Yes, it is cultural, but the answer isn't "it's just culture." There are
_reasons_ why it fits in one culture and not in another, and those reasons are
interesting.

I realize people saying "it's like this because X" sounds like they are saying
something universal. But they aren't. What they are saying is why, given other
factors in their culture, things are that way.

Of course it is possible there is no reason for something in one culture.
Random things happen. But even if they do, typically those things have effects
and other things affect them, and all those things interact in ways that
eventually settle down in some fixed point we call "the current culture". And
even there, we can say a lot about why that random thing remains and does not
vanish, or why it was not changed in a fundamental way, etc.

------
novemberin
It's totally cultural. In the US, people who have enough money to get by don't
talk about making or spending money.
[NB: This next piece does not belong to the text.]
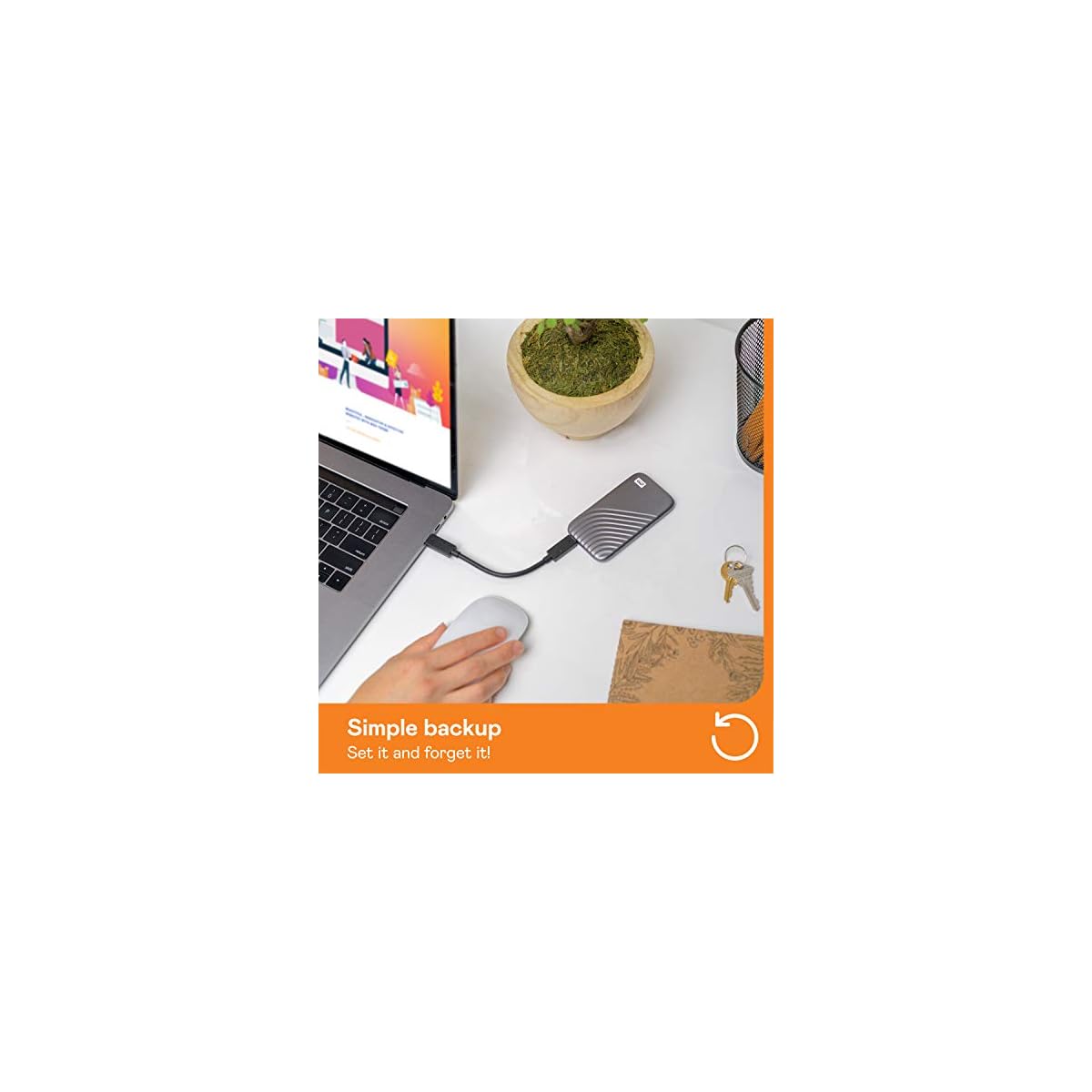 Save, access and protect the content that matters to you with the My Passport SSD, giving you accelerated read speeds up to 1050MB/s and write speeds of up to 1000MB/s with NVMe technology. Help secure your drive and keep productivity flowing with password enabled 256-bit AES hardware encryption. Resist drops of up to 2 metres with a sleek, durable metal design that is both shock and vibration-resistant. Find peace of mind with the fastest My Passport drive to date, able to simply backup your data and is compatible with Mac and PC, ready to use right out of the box.

And they don't really want to either,
because it allows people who make 60K a year and people who make 250K a year
to both call themselves "middle class". Even close friends don't necessarily
know each other's salaries.

But all is not lost. It's hard to find a startup job where you won't be
working closely with people from cultures where discussing your salary, rent
etc. is perfectly normal.

That's how I was able to discover that as a woman I was making 75% of what my
male colleagues were making. That's a Pandora's box type discovery, and I did
stew on it for a while.

But I liked the company, and I didn't want to leave, so I saved that
information for the end-of-year talks. They ended up bringing my salary level
with the others', and then I was asked politely not to do that again.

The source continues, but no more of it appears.